Non fatevi fuorviare dalle immagini senili di Kaname Harada: la faccia grinzosa e smagrita, gli occhialoni da miope sul sorriso attonito e imbarazzato dei vecchi che oltre all'ingiuria del tempo devono sopportare anche quello della dentiera. Dovevate vederlo nel 1941, al tempo dell'attacco a Pearl Harbour, nella sua sfolgorante tenuta fuori ordinanza da asso dell'aviazione giapponese. Cuffia di pelle foderata di pelliccia, sovrastata da quegli occhialoni che portavano i piloti dai tempi del Barone Rosso. Il «chiodo» di pelle. La sciarpa bianca. E quello sguardo magnetico da samurai montato su un viso affascinante da duro: un misto di consapevole fierezza e di sfida. Kaname Harada, morto a 99 anni a Nagano, a nordovest di Tokio, non era solo un figo pazzesco. Fu soprattutto l'incubo degli aviatori britannici e americani che ebbero la malasorte, o la cattiva idea, di tagliare la strada al suo «Zero», nei cieli del Pacifico.
Con lui se ne va l'ultimo dei piloti giapponesi che il 7 dicembre del 1941 attaccarono la base americana di Pearl Harbor. Dopo la guerra, quando i suoi sonni cominciarono a virare in incubi, popolandosi dei volti di tutti quei ragazzi che aveva abbattuto, Harada si convertì al pacifismo militante, portando in giro la sua testimonianza. Il rimorso, il sentimento che la guerra è una bestia orrenda, la carrellata di quei volti di ragazzi che lo guardavano dall'oltretomba lo avevano radicalmente cambiato. «Ricordo ancora le loro facce. Persone che non odiavo, e neppure conoscevo», disse una volta, durante un'intervista. «Così la guerra ti priva dell'umanità, obbligandoti a uccidere degli sconosciuti, per non essere ucciso da loro». Fu allora, nel dopoguerra, che Harada maturò la decisione, realizzata nel 1965, di fondare un asilo. «Perché se vuoi chiedere perdono per le vite che hai tolto, non c'è maniera migliore di farlo che allevare nuove vite», lo convinse la moglie.
Partito volontario a 17 anni, Harada aveva chiesto di fare il pilota, risultando primo nel suo corso. Tra il 1941 e il 1942, col suo Mitsubishi A6M (lo «Zero») cancellò dai cieli del Pacifico almeno due decine di aerei nemici. Nel corso della sola battaglia di Midway, ad Harada (è il suo nome proprio. I giapponesi antepongono sempre il cognome al nome) fu accreditato l'abbattimento di sei caccia americani.

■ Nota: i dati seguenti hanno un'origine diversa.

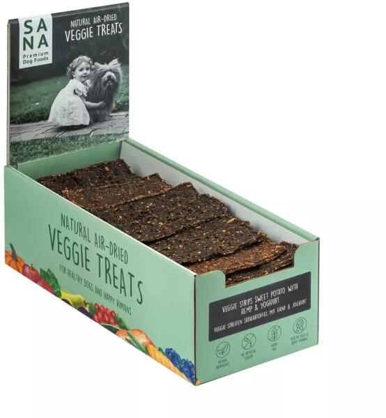 Kimért termék, az ár egy darab rúdra vonatkozik! A Veggie Strips rágcsák úgy néznek ki, mint a hús, ugyanolyan finom ízűek, de kizárólag egészséges édesburgonyából készülnek. Még ha kutyusod általában nem is szereti a zöldségeket, imádni fogja ezeket a vegán édesburgonya csíkokat. A gondosan válogatott édesburgonyát helyben szerzik be. A SANA kíméletes gyártási
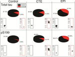 Tau is a neuronal microtubule-associated protein found predominantly on axons. The function of Tau is to promote tubulin polymerization and stabilize microtubules. The C-terminus binds axonal microtubules while the N- terminus binds neural plasma membrane components, suggesting that tau functions as a linker protein between both. Axonal polarity is predetermined by TAU/MAPT localization (in the neuronal cell) in the domain of the cell body defined by the centrosome. The short isoforms allow plasticity of the cytoskeleton while the longer isoforms may preferentially play a role in its stabilization. In its hyper-phosphorylated form, Tau is the major component of paired helical filaments (PHF), the building block of neurofibrillary lesions in Alzheimer's diseases (AD) brain. Hyper-phosphorylation impairs the microtubule binding function of Tau, resulting in the destabilization of microtubules in AD brains, ultimately leading to the degeneration of the affected neurons. Numerous serine/threonine kinases phosphorylate Tau, including GSK-3beta, protein kinase A (PKA), cyclin-dependent kinase 5 (cdk5) and casein kinase II. Hyper-phosphorylated Tau is found in neurofibrillary lesions in a range and other central nervous system disorders such as Pick's disease, frontotemporal dementia, cortico-basal degeneration and progressive supranuclear palsy.
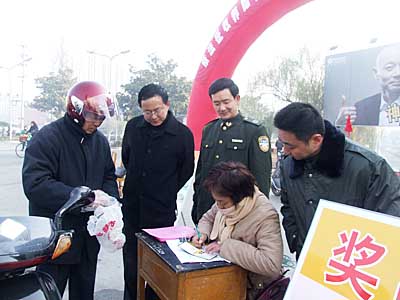 市运管部门在城区一些主要道口设立摩托车养路费征收点,极大地方便了市民缴纳养路费。图为征收养路费现场。

Ma anche il suo giorno stava per arrivare. Fu durante la battaglia di Guadalcanal che lo «Zero» di Harada venne colpito dal Wildcat, il «gatto selvaggio» dell'asso americano Joe Foss. Riuscì ad atterrare sull'isola di Sant'Isabella, ma nell'impatto si fracassò un braccio. Per il samurai Kaname Harada, la guerra finì quel giorno. Rimpatriato in Giappone, si dedicò all'addestramento dei piloti kamikaze. Poi vennero Hiroshima e Nagasaki, e la fine del sogno imperiale. Harada si dedicò all'agricoltura. Gli incubi, i rimorsi, la «vergogna» per una condotta che molti gli dicevano eroica, ma che lui intimamente aborriva, cominciarono poco dopo. Di qui il suo attivismo militante, in tarda età, contro i partiti nazionalisti che in anni recenti si sono battuti perché il Giappone cambiasse la sua Costituzione, da cui la guerra, come soluzione ai contrasti fra Stati, è esclusa.
Diventato «personaggio» (in Giappone hanno girato un documentario sulla sua vita) Harada viaggiò in Gran
Bretagna e negli Stati Uniti, incontrando anche Joe Foss, il suo «rivale», la sua bestia nera. Si strinsero la mano, si guardarono dritto negli occhi, si chiesero vicendevolmente perdono, come sanno fare gli uomini veri.